One of the most useful downsizing tidbits I gleaned last year was from an AARP webinar on downsizing. The presenter asked us to consider why an object was important to us, and the answer almost always is the story associated with it. He urged us to preserve those stories, along with a photo, rather than the objects themselves.
Through my years of downsizing, I had regularly been taking photos prior to parting with my possessions. Currently, most of these reside on my hard-drive without any labeling. Occasionally, a photo of a particularly interesting find will make its way to my Facebook or Instagram pages.
But then there are the objects that, for some reason, I have difficult letting go of. These are more commonly items that appear to have no great intrinsic worth to anyone else and, yet, meant something to me. For example, I have a collection of t-shirts collected over the course of my adult life. Some are too worn to donate; others would have no meaning to anyone else. Except for a small handful I wear at the gym, I have no real need for them. And yet, despite the fact that I had photographed each one, I haven’t managed to move them out of the house. Some people suggested making a quilt—something that would have required more labor and talent than I had or more expense if I farmed it out. Plus, I didn’t need any more covers or wall-hangings.
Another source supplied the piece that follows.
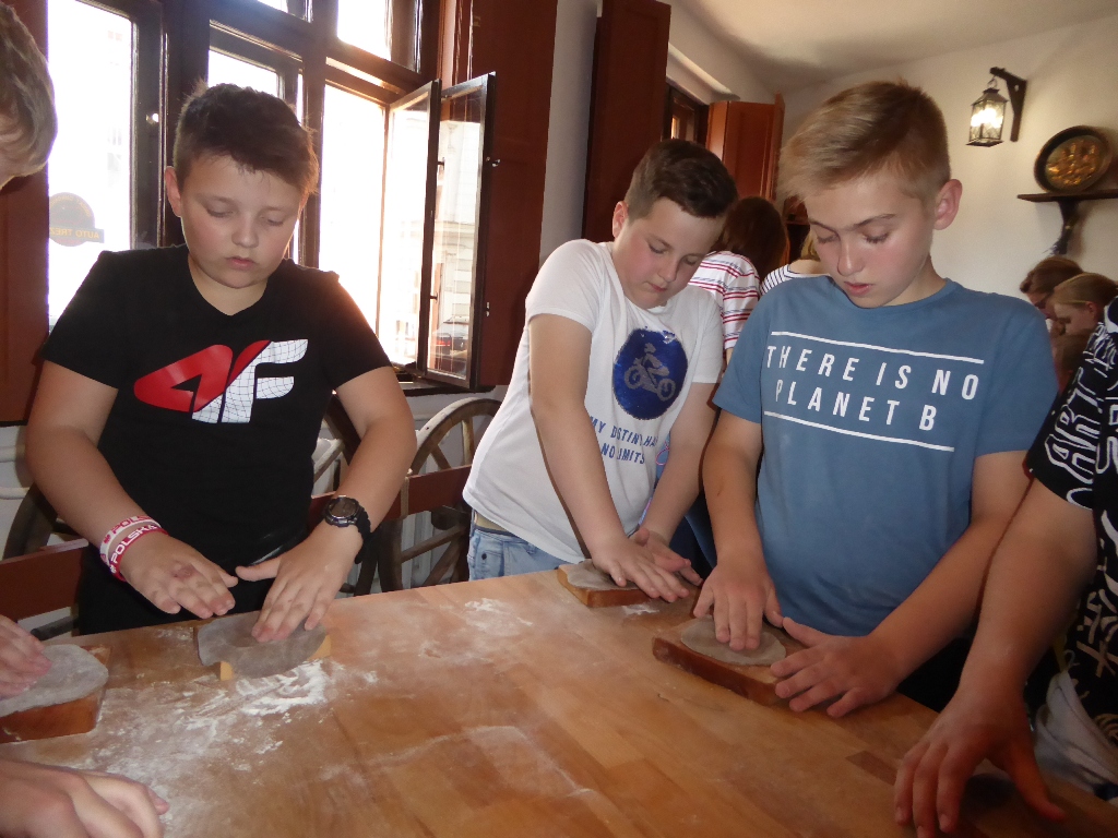 Kolejnym punktem programu była wizyta u „Toruńskich Partaczy”. Uczniowie dowiedzieli się skąd w mieście wzięły się pierniki, a następnie trafili do warsztatu piernikarskiego, gdzie nie tylko nauczyli się piec toruńskie specjały, ale również zyskali wiedzę, skąd sztuka piernikarska znalazła się w akurat w tym mieście nad Wisłą.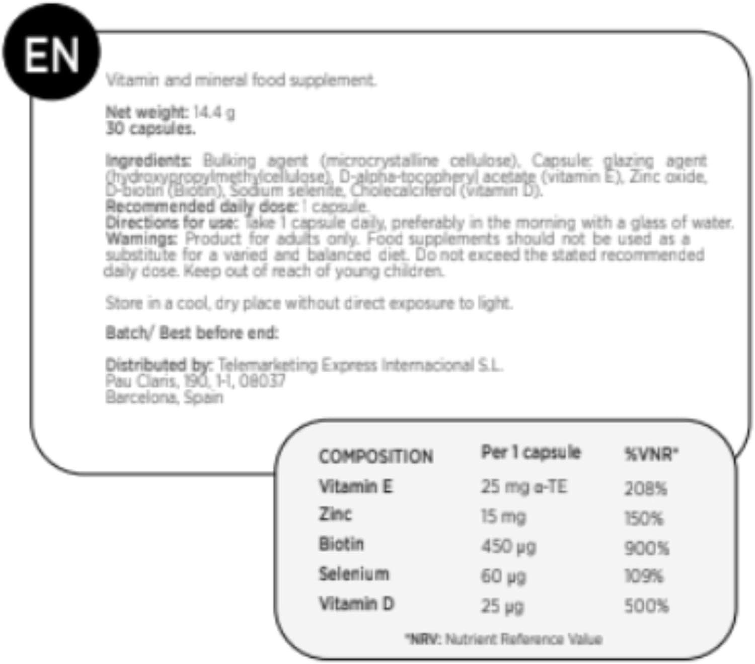 El producto viene en un bote perfectamente precintado con 30 pastillas. Estas son de tamaño medio y fáciles de ingerir.Se toma una cápsula al día por las mañanas por lo que tenemos tratamiento para un mes.Se trata de un producto natural sin aditivos, conservantes ni colorantes.La composición es buena ya que contiene Biotina, Zinc, Selenio, Vitamina D y Vitamina E todos ellos componentes muy beneficiosos para la piel, cabello, uñas, huesos y músculos.El precio me parece algo excesivo ya que sale a más de 1 euro al día, exactamente 1,20 euros.Además un tratamiento que dure solo un mes no me parece que sea tiempo suficiente para ver si el producto funciona.

Then, I remembered that to celebrate my 50th birthday many years ago, I had displayed these t-shirts on a rack and called it “My Life in T-Shirts.” It was a huge hit. I decided to combine the photos with story-telling and create “My Life in T-shirts,” the digital version. I put the t-shirts in some kind of chronological order—not by when I’d purchased them, but more by what they represented in my life and write a paragraph about each one. Nothing big. Over time, I began posting these to my Facebook page, but I also have a narrative with photos that I keep for myself. It's not a complete life story, of course, as its viewed through the lens of a particular kind of object--in this case the t-shirts in my collection. But the exercise is rewarding and allows me to let go to the physical object.
Here is an example:
T-shirt #5. London. For years, London was a second home. My mum was born there, my sister moved there after art school, and my parents retired there while I was still in college. The summer I was 20, I worked at in the woolen fabric department of Liberty’s of London and had a Finnish boyfriend. My first teaching job was in Crouch End in the London Borough of Haringey, where I lived in a flat with the bathtub in the kitchen and some very aggressive pet rabbits in the yard. After that, I would return once or twice a year to visit until the members of my nuclear family passed away, and I've probably been there more than three dozen times. As for the iconic "underground" pictured in the t-shirt, I once knew where all the quick changes between lines were. Alas, no more.
This concept can apply to other kinds of objects that help to tell your life story. I recently removed the last box of items from my storage unit (a whole other saga) that I had not gone through—all the various music books, song books, and sheet music from years of lessons and singing. My musical talent is average at best—I never successfully learned to play any of the many instruments I studied—piano, recorder, guitar, harmonica, banjo, but I always loved singing, and these relics say something about my interests over time. I’m thinking about “My Life in Musical Instruments and Songbooks.”
How about:
What would your favorite “My Life in…” stories be?